** DATA RECORDS follows **

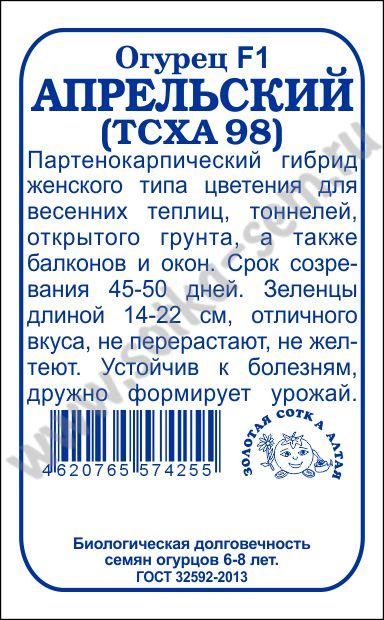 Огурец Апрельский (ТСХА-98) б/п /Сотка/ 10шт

** End of DATA RECORDS **
** DATA RECORDS follows **

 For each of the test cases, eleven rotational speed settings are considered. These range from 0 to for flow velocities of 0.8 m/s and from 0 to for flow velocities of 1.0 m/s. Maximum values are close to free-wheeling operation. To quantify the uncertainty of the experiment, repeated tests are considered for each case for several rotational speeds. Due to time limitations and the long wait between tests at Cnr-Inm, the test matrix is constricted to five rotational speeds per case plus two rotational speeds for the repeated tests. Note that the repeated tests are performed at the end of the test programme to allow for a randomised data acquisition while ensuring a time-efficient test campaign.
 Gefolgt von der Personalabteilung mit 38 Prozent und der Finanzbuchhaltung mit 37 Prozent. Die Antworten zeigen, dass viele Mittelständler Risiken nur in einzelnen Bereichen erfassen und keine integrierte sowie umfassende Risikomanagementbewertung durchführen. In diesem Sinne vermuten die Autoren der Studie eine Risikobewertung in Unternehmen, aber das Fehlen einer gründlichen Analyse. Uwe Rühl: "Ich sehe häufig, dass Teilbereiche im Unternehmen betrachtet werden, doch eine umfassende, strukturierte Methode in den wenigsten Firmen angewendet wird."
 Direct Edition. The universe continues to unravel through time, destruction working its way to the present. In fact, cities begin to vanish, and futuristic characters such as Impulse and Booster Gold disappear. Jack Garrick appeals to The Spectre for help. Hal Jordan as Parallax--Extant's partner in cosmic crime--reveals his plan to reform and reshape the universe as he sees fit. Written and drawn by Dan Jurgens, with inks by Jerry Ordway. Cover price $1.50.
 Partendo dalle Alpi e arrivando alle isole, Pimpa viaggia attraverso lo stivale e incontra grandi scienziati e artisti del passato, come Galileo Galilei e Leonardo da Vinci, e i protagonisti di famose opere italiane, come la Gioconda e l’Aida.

** End of DATA RECORDS **

WHAT TO PRODUCE =
Please copy, exactly and with nothing else, the lines above beginning at the line that has "Direct Edition. The" and ending with the line that has "Partendo dalle Alpi".

WORKED SOLUTION =
 Direct Edition. The universe continues to unravel through time, destruction working its way to the present. In fact, cities begin to vanish, and futuristic characters such as Impulse and Booster Gold disappear. Jack Garrick appeals to The Spectre for help. Hal Jordan as Parallax--Extant's partner in cosmic crime--reveals his plan to reform and reshape the universe as he sees fit. Written and drawn by Dan Jurgens, with inks by Jerry Ordway. Cover price $1.50.
 Partendo dalle Alpi e arrivando alle isole, Pimpa viaggia attraverso lo stivale e incontra grandi scienziati e artisti del passato, come Galileo Galilei e Leonardo da Vinci, e i protagonisti di famose opere italiane, come la Gioconda e l’Aida.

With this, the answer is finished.